+++ DATASET CONTENT

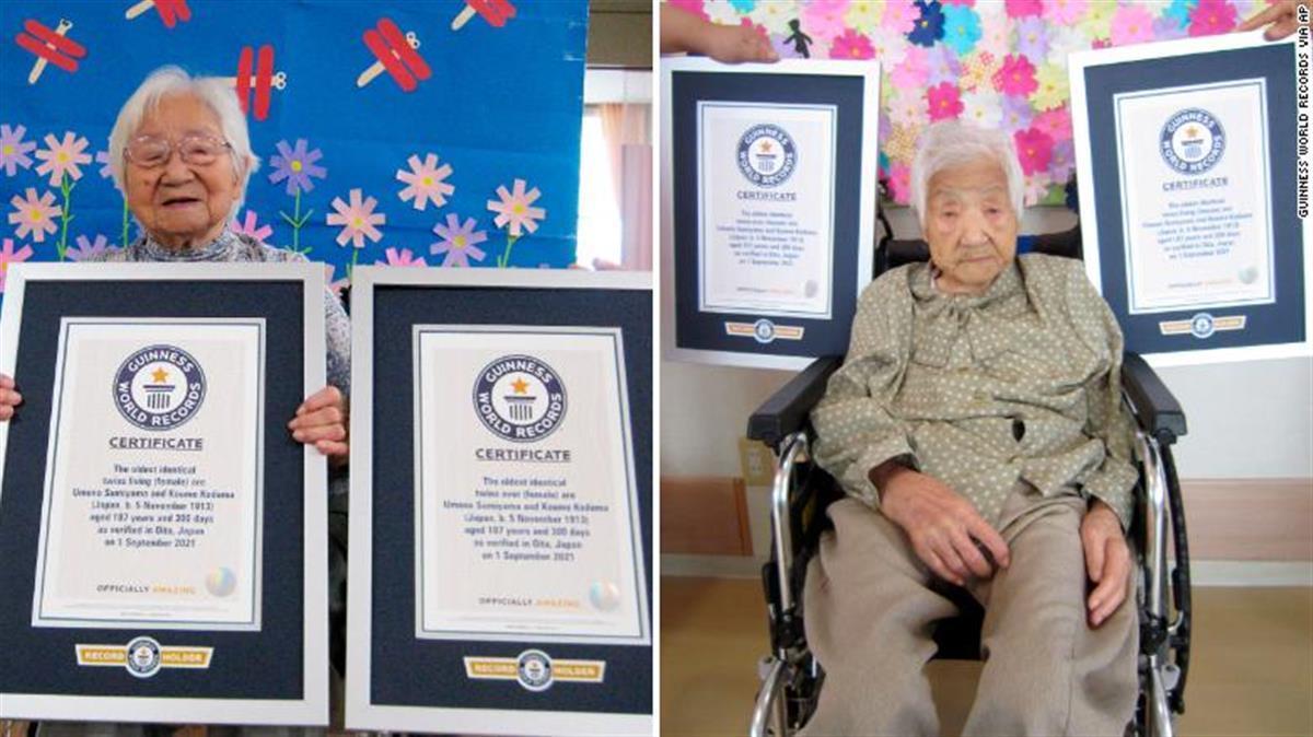 据CNN报道,日本一对同卵双胞胎成为世界上最长寿的双胞胎,获得了吉尼斯世界纪录的认证,她们俩今年已经107岁了。
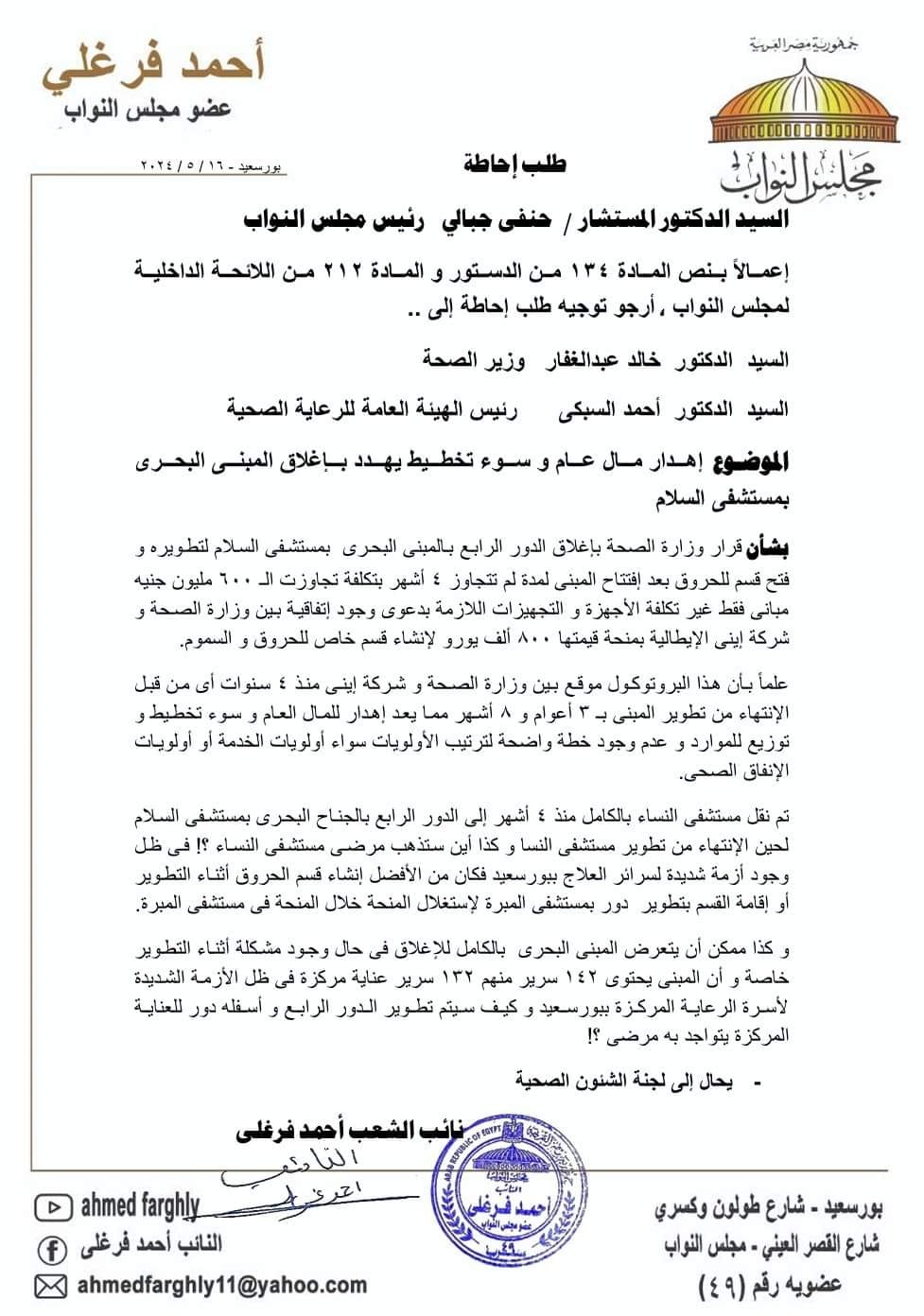 تقدم النائب أحمد فرغلي، عضو مجلس النواب، بطلب إحاطة للمستشار الدكتور حنفي جبالي رئيس مجلس النواب، موجه للدكتور خالد عبد الغفار وزير الصحة والسكان، والدكتور أحمد السبكي رئيس الهيئة العامة للرعاية الصحية، وذلك بشأن إهدار مال عام وسوء تخطيط يهدد بإغلاق المبنى البحري بمستشفى السلام.
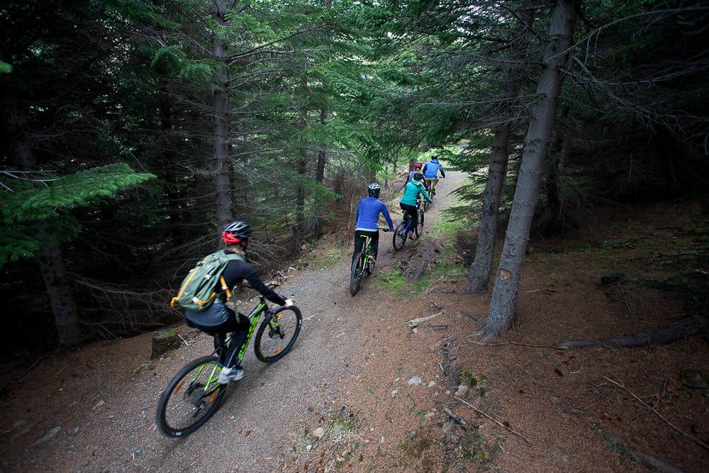 Du fortsætter gennem skoven, cykler gennem træerne og passerer gennem en dal mod den sidste lavinebarriere på dagens rute. Du bestiger en kort, stejl skråning op til muren og får en af områdets bedste udsigter, før du kører tilbage til byen - det er en let sidste strækning, når du vender tilbage til mødestedet.

++++++

» **DESCRIPTION OF THE TASK**
Reproduce the data exactly as it appears above. Pictures are to be left out.

» **WRITTEN SOLUTION**
 据CNN报道,日本一对同卵双胞胎成为世界上最长寿的双胞胎,获得了吉尼斯世界纪录的认证,她们俩今年已经107岁了。
 تقدم النائب أحمد فرغلي، عضو مجلس النواب، بطلب إحاطة للمستشار الدكتور حنفي جبالي رئيس مجلس النواب، موجه للدكتور خالد عبد الغفار وزير الصحة والسكان، والدكتور أحمد السبكي رئيس الهيئة العامة للرعاية الصحية، وذلك بشأن إهدار مال عام وسوء تخطيط يهدد بإغلاق المبنى البحري بمستشفى السلام.
 Du fortsætter gennem skoven, cykler gennem træerne og passerer gennem en dal mod den sidste lavinebarriere på dagens rute. Du bestiger en kort, stejl skråning op til muren og får en af områdets bedste udsigter, før du kører tilbage til byen - det er en let sidste strækning, når du vender tilbage til mødestedet.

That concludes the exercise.